Xi'an Ronghai Football Club was founded in January 2021 by Yang Xiaolong, the owner of the now-defunct Xi'an Wolves, registering as a member of the Xi'an Football Association. In May 2021, they participated in the Xi'an FA Cup, and after winning five matches out of a possible five, they were crowned winners, becoming eligible to compete in the 2021 Chinese Champions League (CMCL). In the regional competition, Xi'an Ronghai topped their respective group, grabbing two wins and a draw, which set up a place in a play-off to progress into the final round.
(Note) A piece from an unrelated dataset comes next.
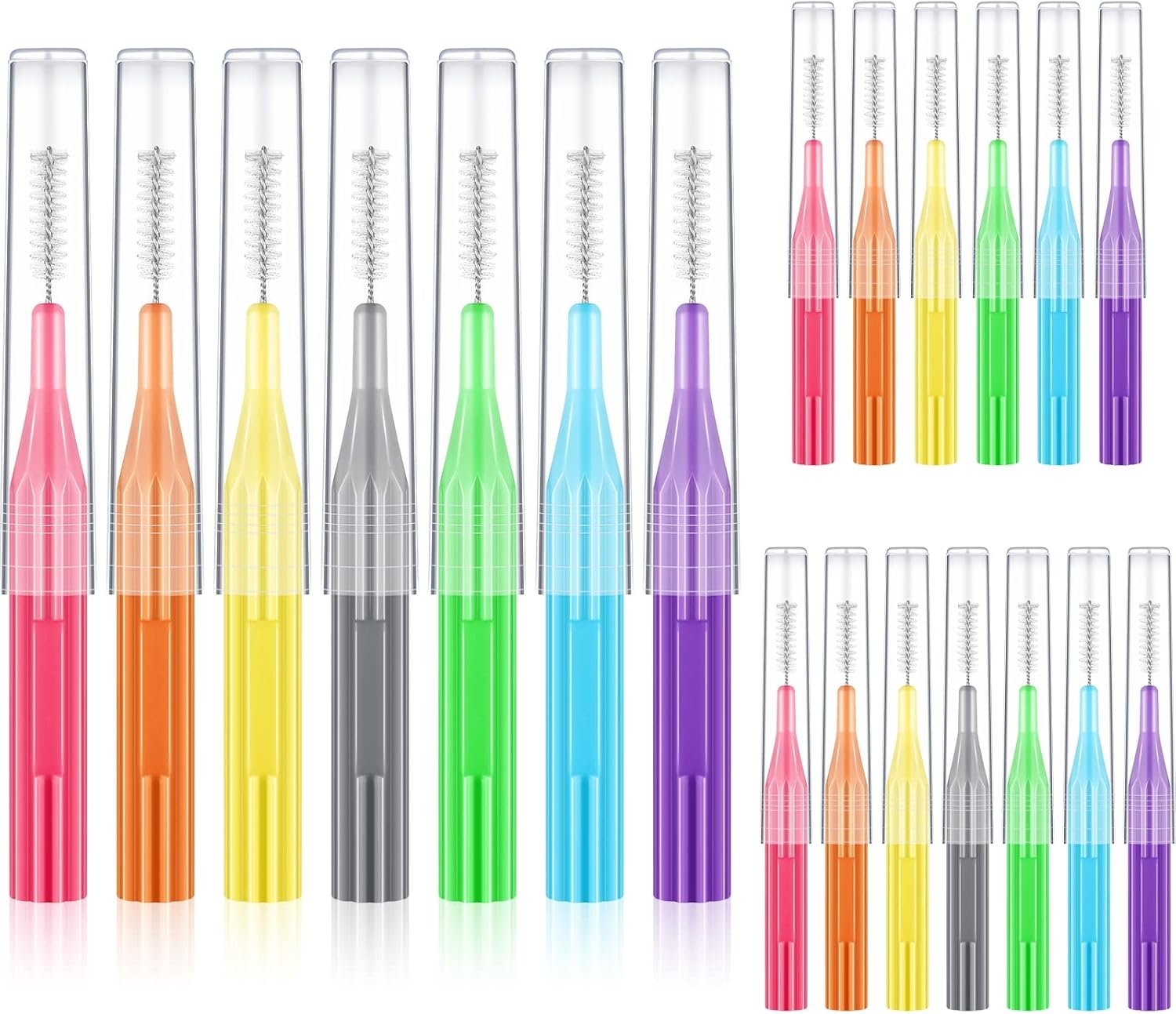 Package Information: comes with 20 pieces of interdental brushes in 7 bright colors, namely, pink, orange, yellow, purple, blue and green, 3 pieces per color, and 2 pieces in gray, sufficient quantities can meet your daily use and replacements, can also meet sharing needs

After beating local opponent Xi'an Hi-Tech Yilian on penalties, the club advanced into the final sixteen. They were drawn into Group C which consisted of Jinan Xingzhou, Jiangsu Zhongnan Codion, and Yuxi Yukun Steel, Xi'an Ronghai finished bottom, putting an end to the season, ranked 16th. In the 2022 CMCL season, Xi'an Ronghai finished second in their respective group, but were knocked out by Tianjin Fusheng in the elimination play-off round.
By April 2023, the club rebranded its name to Xi'an Chongde Ronghai Football Club. They were slotted into the Changzhi region, where, after picking up three wins, one draw, and a loss to Langfang Glory City, they progressed into the final round. After the seventh match against Shenzhen Juniors that could have seen Ronghai jump to first place and subsequently win promotion, Xi'an Chongde Ronghai finished in second place, entering the promotion play-offs. On 21 October 2023, Ronghai hosted Guangxi Hengchen in the first round, which ended in a loss for Ronghai through a penalty shoot-out, missing out on promotion. By 6 February 2024, Xi'an Chongde Ronghai were not included in the initial list of teams in the 2024 China League Two. However, Xi'an Chongde Ronghai were confirmed a spot on 22 February, a few days after Jinan Xingzhou announced its dissolution. During this period on 20 February, the club appointed Wu Yan as their new head coach.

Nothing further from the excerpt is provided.